What’s on in council this week by Larry Foster
Published February 14, 2022 1:51PM
There is a Finance and Performance meeting scheduled for Wednesday, an Operations meeting Thursday, followed by a Dog Control Bylaw review workshop. All these meetings will be on Zoom so will probably take longer than normal. At the time of writing I had only received a public-excluded agenda for Finance and Performance so I’m not sure what is in the public section of the agenda.
The Operations agenda is very small with the only item a progress report on establishing a potable water source for carrier supply and community collection in Ruatoria.
The council has allocated $505,000 from the Government’s three waters reform stimulus grant to provide potable water to the Ruatoria community. A potential location at Whakarua park has been identified by the council’s environmental science staff and discussions have been held with the chair of Whakarua Park, Te Runanganui o Ngati Porou and several community representatives regarding the possibility of leasing land for the bore and filling station. Council has since had possible leasing option discussions with the full Whakarua Park committee and TRONPnui. A basic site design has been drafted to help facilitate community and landowner discussions. Initial work on the cultural impact report has started along with a possible memorandum of understanding with TRONPnui. The project team plans to work together with environmental science staff to ensure there is consistency across multiple projects in the area, with the aim to share drilling costs and to validate the capacity of the bore.
The main components to this project are:
■ Construction of a bore, treatment plant and multiple fill-up points to allow both commercial and domestic access to potable water for cartage to top up rainwater tanks.
■ Siting of a containerised treatment plant with extraction to raw water reservoir storage tanks, filtration and UV treatment processes. This will provide the community with access to compliant, safe drinking water.
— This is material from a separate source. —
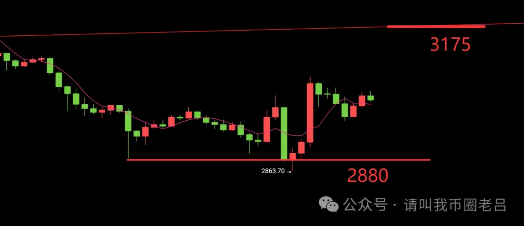 大家好,我是老吕,前天是大跌横穿多头,昨天是多空洗盘,多空双杀,但是你只要记住老吕说的两个技术点,你就不会吃亏上当,昨天我们对于以太坊说的很清楚,主要是两个观点,第一个观点,价格只有破了2880,看到了2840后,你才能追空,因为只要跌到了2840,价格实体破位的概率才高,但你看昨天,价格小破2880支撑到了2863虚破,后直接收大阳拉起来,这就是价格指引带来的实破和虚破的区别。再去看小时线K线形态,每一根阳线实体部分,都是牢牢挂在2880上方。第二个观点,上行压力位3070,凌晨价格到了这个位置,是不是又跌了100美金。两个观点完全在我们的预判之中,很多人一看价格涨太多,跌太多,就着急操作,其实脑袋里根本没有准备,也没有思路,看到了价格涨了,你想追多,价格跌了,你想追空,那么后果就比较严重。什么叫有准备的仗,就是你心理有准备,价格来了,你能从容面对,更知道你该怎么做。上下3070压力,下行2880的支撑,这就是有准备的仗,这两个技术点走完以后,我们又该如何应对接下来的行情?

■ Construction of a secure facility with treated water reservoir storage tanks for water carrier access and a separate tank for general public access. The facility extraction and treatment processes are to be automated and have telemetry control capability.
■ Development of a publicly accessible terminal for a community collection point and bulk cartage point for local carriers.
■ Confirmation of the amount of groundwater extraction that is possible at the Whakarua site, which will require investigation drilling and drawdown testing.
Access to safe drinking water is a major issue for the Ruatoria community, both in quality and quantity. The existing Racecourse Road spring and the Waiapu River remain the major water sources during summer and both do not meet potable water standards. A condition of the three waters reform funding is that it be spent quickly, by June 2022, so communities can benefit almost immediately from the jobs the money is paying for and improved water services. The provision of potable water will significantly improve the wellbeing of this community.
A review of the Dog Control Policy and Bylaw was approved by the Sustainable Tairawhiti committee late last year so we will be workshopping this after the Operations meeting. Staff are seeking councillor feedback on five updates to the policy and bylaw. These are:
Making on-lead the default setting for the urban area, with specified prohibited and off-lead areas; increasing the number of dogs allowed on a premises before a permit is required from one to two; adding assessment criteria to the policy; prohibiting dogs on Kaiti Beach to protect the penguin colony; changes to the currently prohibited off-lead areas.